__Your objective__: Look for the string "have" in the listing below and copy every line in which it appears.
START Extracted data
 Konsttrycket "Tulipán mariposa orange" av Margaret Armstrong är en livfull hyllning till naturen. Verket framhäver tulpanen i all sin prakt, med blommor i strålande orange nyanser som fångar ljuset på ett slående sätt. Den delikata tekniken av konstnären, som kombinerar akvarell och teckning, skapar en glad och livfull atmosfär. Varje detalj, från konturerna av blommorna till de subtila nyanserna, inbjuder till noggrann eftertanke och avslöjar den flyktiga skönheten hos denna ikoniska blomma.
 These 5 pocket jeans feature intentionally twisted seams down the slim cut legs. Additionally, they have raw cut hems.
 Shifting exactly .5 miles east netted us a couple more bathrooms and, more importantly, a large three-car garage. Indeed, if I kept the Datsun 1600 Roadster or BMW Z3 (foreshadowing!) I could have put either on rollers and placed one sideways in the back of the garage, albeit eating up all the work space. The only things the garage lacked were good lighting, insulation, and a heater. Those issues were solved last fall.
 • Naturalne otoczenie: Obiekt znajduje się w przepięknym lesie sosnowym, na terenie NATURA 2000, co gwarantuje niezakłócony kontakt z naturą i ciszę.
END Extracted data
START Extracted data
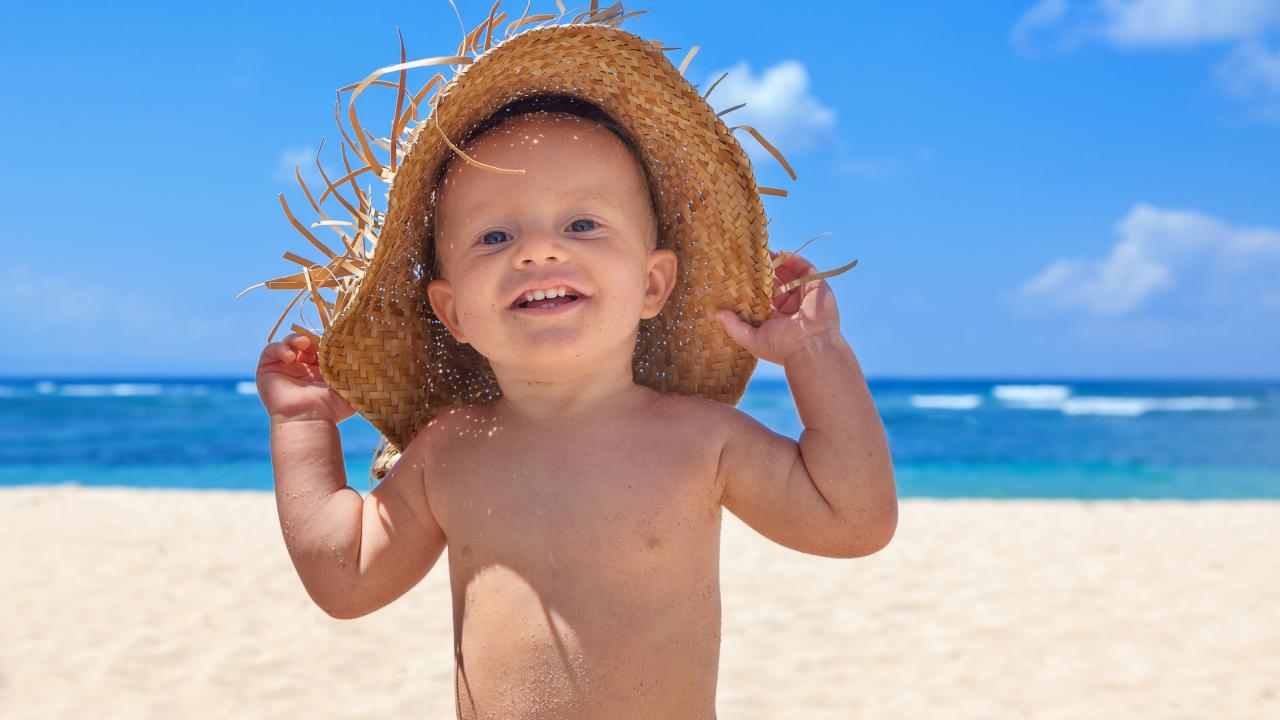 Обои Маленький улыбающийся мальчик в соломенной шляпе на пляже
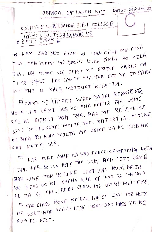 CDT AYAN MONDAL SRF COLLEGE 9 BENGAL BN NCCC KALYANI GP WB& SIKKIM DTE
END Extracted data
START Extracted data
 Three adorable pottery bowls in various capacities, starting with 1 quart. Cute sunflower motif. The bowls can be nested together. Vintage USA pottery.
END Extracted data
__Response area__:
 These 5 pocket jeans feature intentionally twisted seams down the slim cut legs. Additionally, they have raw cut hems.
 Shifting exactly .5 miles east netted us a couple more bathrooms and, more importantly, a large three-car garage. Indeed, if I kept the Datsun 1600 Roadster or BMW Z3 (foreshadowing!) I could have put either on rollers and placed one sideways in the back of the garage, albeit eating up all the work space. The only things the garage lacked were good lighting, insulation, and a heater. Those issues were solved last fall.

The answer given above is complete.